Yes, I know. I have been absent for a long time . I wonder if anyone is still reading my blog anymore? Life for me has been... well, sometimes so amazing I don't even notice myself smiling from ear to ear, other times so horrible that it makes me panic, and I am always lost in a cloud of jumbled insignificant memories whenever I try to look back.

I've been working at the same place since I graduated from school, and I really don't have much to complain about my job. I've also started taking a liberal arts course at my university for personal interest. The prof is very engaging and I've enjoyed each lecture despite the excessive amount of readings.
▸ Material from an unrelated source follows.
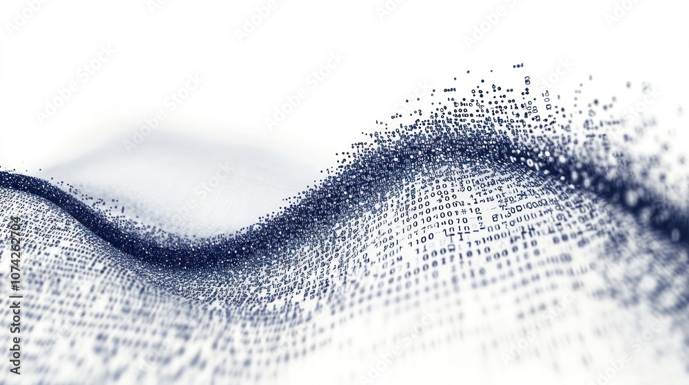 Wall mural conceptual image of source code symbols and numbers arranged in a wave-like pattern with a clean min - Wall murals Wall mural conceptual image of source code symbols and numbers arranged in a wave-like pattern with a clean min - Wall murals

Some of my not-so-happy moments are associated with the feeling that I want to do so much more with my life, and sometimes those things seem quite unattainable. I feel very alone in this because I think I am the only variable in the equation. Other times I am baffled by my relationship with my boyfriend. As time goes by, I am growing more and more attached and dependent on him, to the point where I don't know if I can make it without him. Probably not. Yet I have occasional doubts about whether he's the one and whether our relationship has a strong enough foundation to support us for a lifetime. It's a very baffling, conflicting feeling. Today I went to a friend's wedding and seeing the picture-perfect couple look into each other's eyes so happily only amplified my feelings of doubt in comparison. I wonder if everyone experiences such moments of uncertainty or does this signify a problematic relationship?

What I really want to say is, if you are reading this, save me. Somehow. Perhaps just a word or two can turn things around?